Plater & White, A Grammar of the Vulgate (1926), p.118 wrote:§134. (a) The Noun-Clause: (1) as Subject, attached to the main sentence by ut or quod. In English the Subject is expressed provisionally by "it" and the clause containing the logical Subject is introduced by "that". It follows Verbs used impersonally, as est, factum est, absit, accidit, paenitet, etc., and the Subordinate Verb is in the Subjunctive: thus "mihi pro minimo est ut a vobis iudicer" I Cor. 4.3, "manifestum...quod ex Iuda ortus sit Dominus" Hebr. 7.14, ..."factum est...ut intraret"...Lk.6.6
Adams Latin Grammar, http://books.google.co.uk/books?id=pqEAAAAAYAAJ&pg=PA189&lpg=PA189&dq=impersonal+verbs+ut&source=bl&ots=Mjijs_bdMH&sig=-8cHg-NIwpYB3CyvNwuMNQxA6Zs&hl=en&ei=zFqgS8GNA5e80gTX9vmaDA&sa=X&oi=book_result&ct=result&resnum=1&ved=0CAYQ6AEwAA#v=onepage&q=impersonal%20verbs%20ut&f=false wrote: "Obs. 3...in Latin an infinitive is commonly subjoined to impersonal verbs or the subjunctive with "ut"..."accidit, evenit, contigit ut ibi essemus" (p.189)

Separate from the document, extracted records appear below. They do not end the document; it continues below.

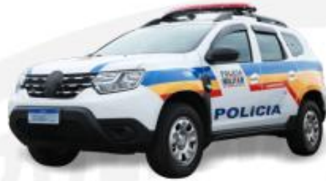
GND 4 - Capital/Investimento
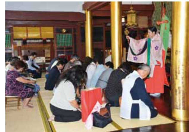
At the Main Shrine
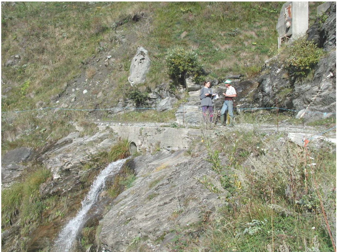
Foto 002 – Opera TREVAG007 . Dalla strada, in sponda destra del Rio Albournet.
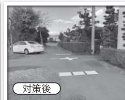
交差点標示と停止指導線(北進方向)
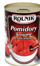
POMIDORY KROJONE W SOSIE WŁASNYM / Chopped tomatoes in own brine
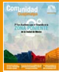
Ilustración: Carlos R. Flores Sevilla

Portada Núm. 20 2º Foro Académico para el Desarrollo de la Zona Poniente de la Ciudad de México

According to Plater & White, otherwise the construction is "Factum est et" ["Factum est...et ipse stabat" Lk.5.1] but the "et" is often dropped in the New Testament and the Verb is in the Indicative ("sometimes this arises from the Greek"), especially when a cum clause intervenes. (p.119)
OLD wrote:facio 15c (pf. pass) to have come about (that)...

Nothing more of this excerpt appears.